Receipts are execution traces—they answer the question: "What did the model actually do, and did it work?"
Why it exists
Models produce text. Text can claim anything. Without receipts, you're trusting that:
- The model ran the tests it says it ran
- The files it says it read actually exist
- The changes it made are what it describes
Receipts collapse this trust problem. The claim and the evidence are bundled together. If the model says "tests passed," the receipt contains the actual test output. If it says "file contains X," the receipt shows the read operation that retrieved it.
This enables:
- Audit — Reviewers can see exactly what happened
- Debugging — When something breaks, trace back to what ran
- Learning — Both humans and systems can learn from patterns in receipts
How it shows up
A receipt is a structured artifact produced at the end of an operation. Conceptually, it looks like:
{
"timestamp": "2025-11-25T14:30:00Z",
"mode": "conservative",
"tools_invoked": [
"read_file",
"replace_string_in_file",
"run_tests"
],
"gates": {
"lint": "pass",
"typecheck": "pass",
"tests": "pass"
},
"files_touched": [
"src/cli.ts",
"src/core/gates.ts"
],
"summary": "Added error handling to CLI exit path"
}
The exact schema varies by implementation, but the principle is constant: every consequential action is recorded.
Receipts vs Frames
These are complementary, not competing:
| Concept | What it captures | When it's written |
|---|---|---|
| Frame | Episodic snapshot of intent, context, and what you were working on | During/after a session |
| Receipt | Execution trace of what ran and passed/failed | After an operation completes |
A Frame says: "I was refactoring the auth module, here's the context I had."

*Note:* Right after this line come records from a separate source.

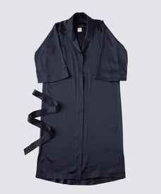「闇を美しく纏う」をコンセプトに造り上げた至極のリラックスウェアです。陽があたる場所に必ず落ちる影は、夜の訪れとともに闇に溶けて見えなくなります。その儚い美しさを極上のシルクで表現しました。
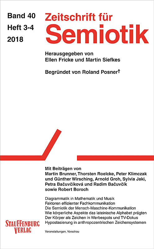 Aus dem Inhalt: Martin Brunner: Diagrammatik in Mathematik und Musik Thorsten Roelcke: Faktoren effizienter Fachkommunikation Peter Klimczak und Günther Wirsching: Maschinensemiotik Arnold Groh: Die Widerspiegelung von Körperlichkeit in der Entstehung des Alph...
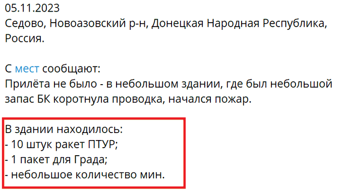 Вечером 5 ноября в оккупированном городе Седово Донецкой области взорвался российский склад с боеприпасами.
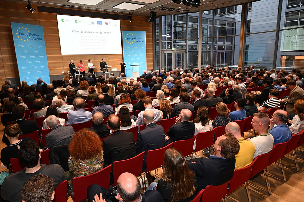 Bei dem anschließenden Panel mit Berliner Spitzenkandidatinnen und -kandidaten zur Europawahl ging es unter anderem um die Themen Klima- und Industriepolitik, Desinformation sowie den vom Europäischen Parlament geforderten EU-Konvent.
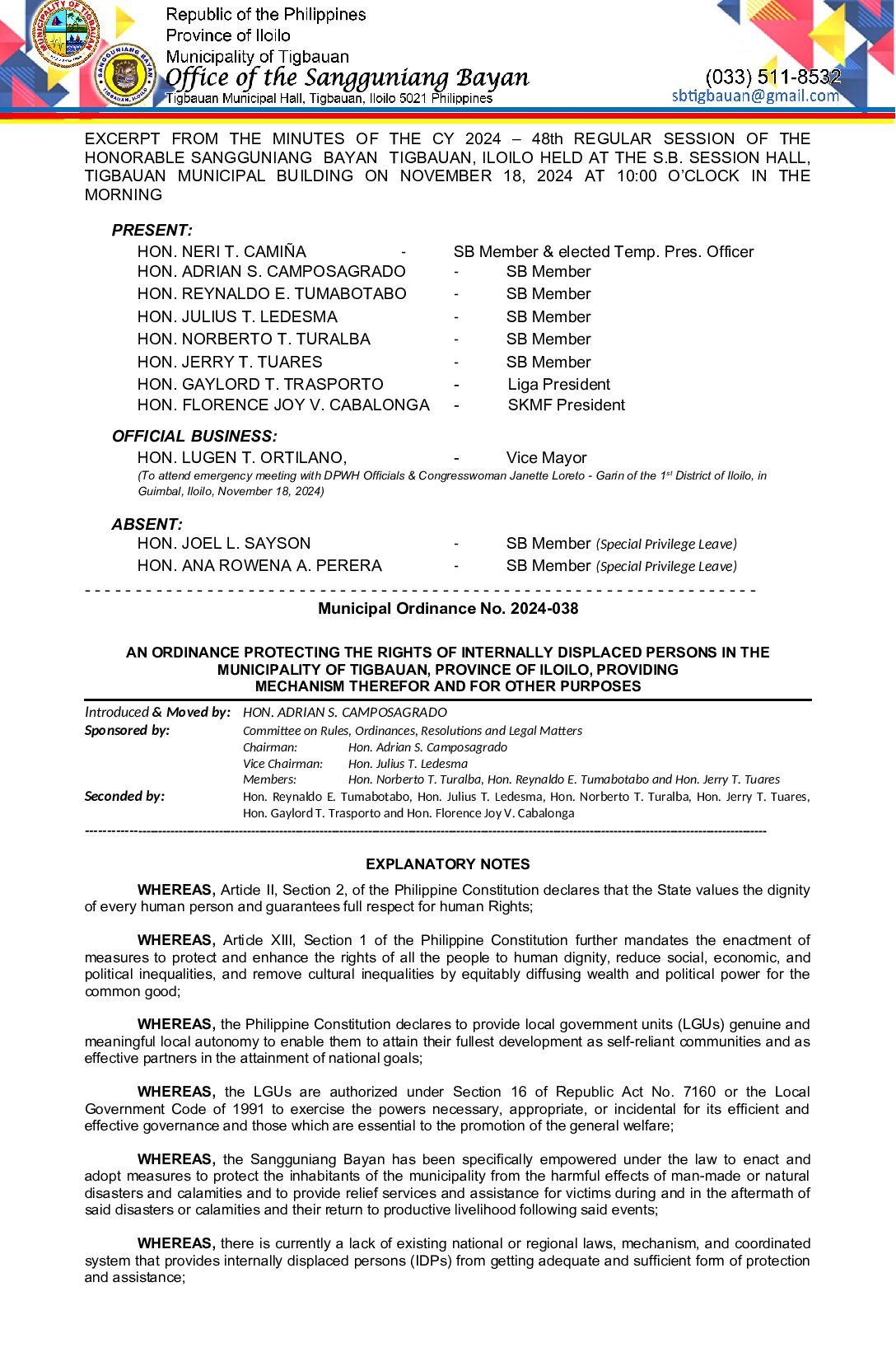 Municipal Ordinance No. 2024-038 – AN ORDINANCE PROTECTING THE RIGHTS OF INTERNALLY DISPLACED PERSONS IN THE MUNICIPALITY OF TIGBAUAN, PROVINCE OF ILOILO, PROVIDING MECHANISM THEREFOR AND FOR OTHER PURPOSES
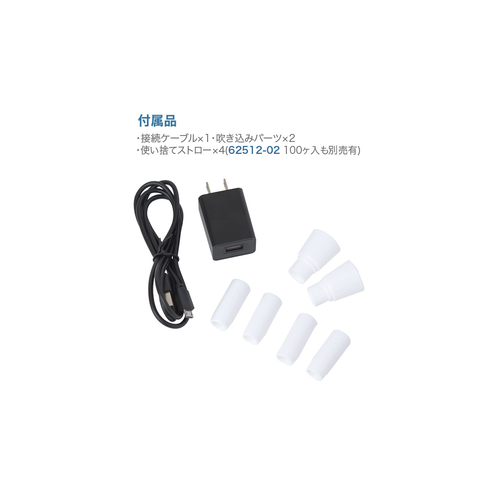 - 接続ケーブル×1、吹き込みパーツ×2、使い捨てストロー×4
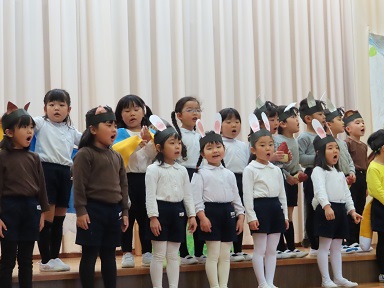 最後には、年長さんが「年中さん、楽しい劇をありがとう。年少さん、素敵な歌をありがとう。」とお礼に歌のプレゼントをしてくれました。
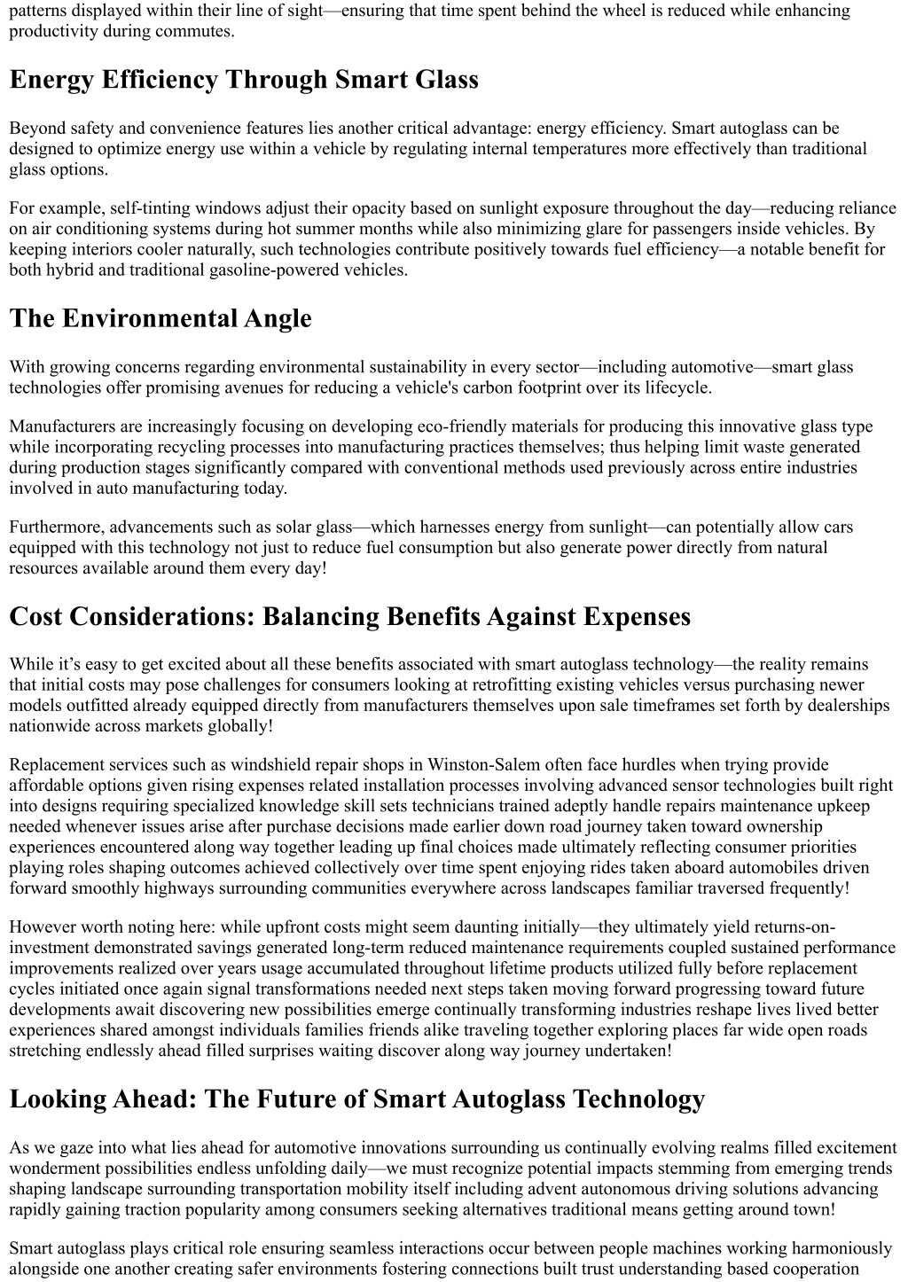 patterns displayed within their line of sight—ensuring that time spent behind the wheel is reduced while enhancing productivity during commutes. Energy Efficiency Through Smart Glass Beyond safety and convenience features lies another critical advantage: energy efficiency. Smart autoglass can be designed to optimize energy use within a vehicle by regulating internal temperatures more effectively than traditional glass options. For example, self-tinting windows adjust their opacity based on sunlight exposure throughout the day—reducing reliance on air conditioning systems during hot summer months while also minimizing glare for passengers inside vehicles. By keeping interiors cooler naturally, such technologies contribute positively towards fuel efficiency—a notable benefit for both hybrid and traditional gasoline-powered vehicles. The Environmental Angle With growing concerns regarding environmental sustainability in every sector—including automotive—smart glass technologies offer promising avenues for reducing a vehicle's carbon footprint over its lifecycle. Manufacturers are increasingly focusing on developing eco-friendly materials for producing this innovative glass type while incorporating recycling processes into manufacturing practices themselves; thus helping limit waste generated during production stages significantly compared with conventional methods used previously across entire industries involved in auto manufacturing today. Furthermore, advancements such as solar glass—which harnesses energy from sunlight—can potentially allow cars equipped with this technology not just to reduce fuel consumption but also generate power directly from natural resources available around them every day! Cost Considerations: Balancing Benefits Against Expenses While it’s easy to get excited about all these benefits associated with smart autoglass technology—the reality remains that initial costs may pose challenges for consumers looking at retrofitting existing vehicles versus purchasing newer models outfitted already equipped directly from manufacturers themselves upon sale timeframes set forth by dealerships nationwide across markets globally! Replacement services such as windshield repair shops in Winston-Salem often face hurdles when trying provide affordable options given rising expenses related installation processes involving advanced sensor technologies built right into designs requiring specialized knowledge skill sets technicians trained adeptly handle repairs maintenance upkeep needed whenever issues arise after purchase decisions made earlier down road journey taken toward ownership experiences encountered along way together leading up final choices made ultimately reflecting consumer priorities playing roles shaping outcomes achieved collectively over time spent enjoying rides taken aboard automobiles driven forward smoothly highways surrounding communities everywhere across landscapes familiar traversed frequently! However worth noting here: while upfront costs might seem daunting initially—they ultimately yield returns-on- investment demonstrated savings generated long-term reduced maintenance requirements coupled sustained performance improvements realized over years usage accumulated throughout lifetime products utilized fully before replacement cycles initiated once again signal transformations needed next steps taken moving forward progressing toward future developments await discovering new possibilities emerge continually transforming industries reshape lives lived better experiences shared amongst individuals families friends alike traveling together exploring places far wide open roads stretching endlessly ahead filled surprises waiting discover along way journey undertaken! Looking Ahead: The Future of Smart Autoglass Technology As we gaze into what lies ahead for automotive innovations surrounding us continually evolving realms filled excitement wonderment possibilities endless unfolding daily—we must recognize potential impacts stemming from emerging trends shaping landscape surrounding transportation mobility itself including advent autonomous driving solutions advancing rapidly gaining traction popularity among consumers seeking alternatives traditional means getting around town! Smart autoglass plays critical role ensuring seamless interactions occur between people machines working harmoniously alongside one another creating safer environments fostering connections built trust understanding based cooperation
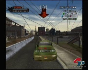 Frischwind Nummer 2 sind die Fahrzeuge. Man muss Neversoft zugute halten, dass sie wirklich einen interessanten Fuhrpark präsentieren: getunte Sportkarre, durchgerosteter Kübel, Blumenwagen, Laubbläser oder Stretchlimo. Auch die dazugehörigen Missionen sind recht witzig – mal müsst ihr einen Motor erhitzen, und die Karre anschließend in der Bucht versenken, mal Stände von Nusshändlern zerschmettern. Natürlich erwarten euch auch Rennen und Checkpunkt-Abklapperaufträge. Doch all das nützt im Endeffekt nichts, weil sowohl Steuerung als auch Fahrphysik der Vehikel gründlich in die Hose gingen. Zudem verfügen die nett modellierten Autos merkwürdigerweise über keinen Schatten, was sie irgendwie deplatziert aussehen läst. Insgesamt sind die Fahrzeuge für das Spiel keine Bereicherung, sondern wirken nur aufgesetzt.
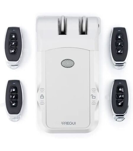 Arregui - CI30P Verrou électronique, Serrure de sécurité invisible pour porte, Vérrou à bouton et 4 télécommandes inclus, Serrure intelligente, Gris
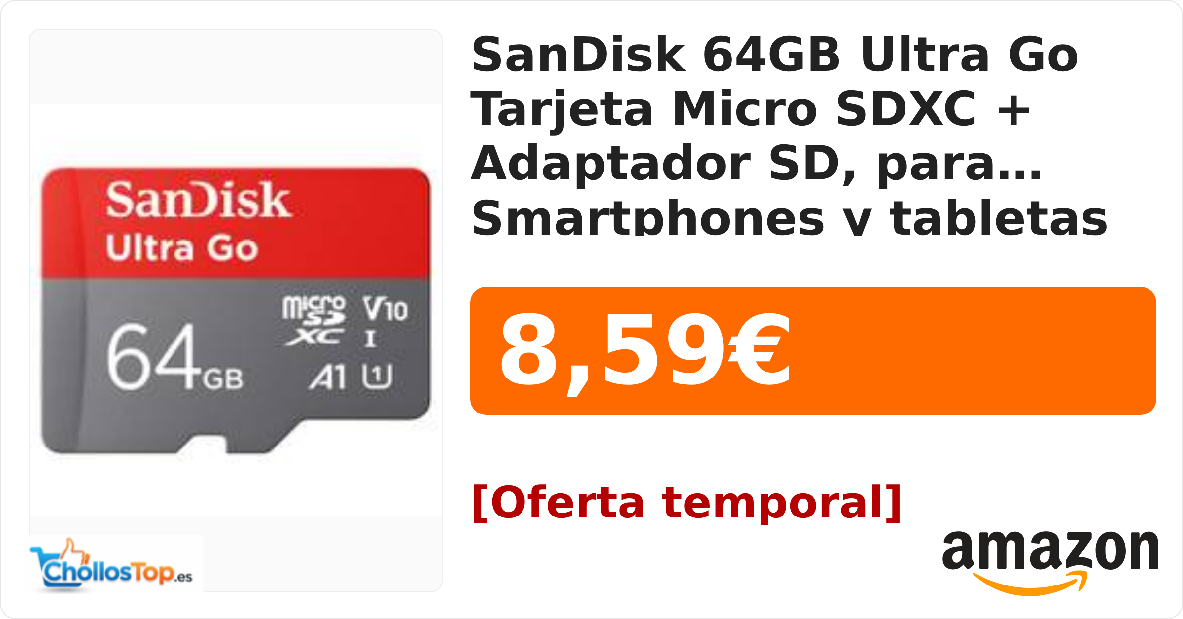 🔥 SanDisk 64GB Ultra Go Tarjeta Micro SDXC + Adaptador SD, para Smartphones y tabletas Android, hasta 150 MB/s, Video Full HDD, V10, A1, UHS-I

A Receipt says: "Here's exactly what tools ran, what gates passed, and what changed."
Both feed into the audit trail. Frames provide narrative continuity; Receipts provide verifiable execution history.
Implementation in Lex
With Lex 1.0.0, Frames are the primary contract for receipts. Every Frame includes typed fields for what happened, when, and what modules were touched. LexRunner consumes these Frames to build audit trails across merge operations.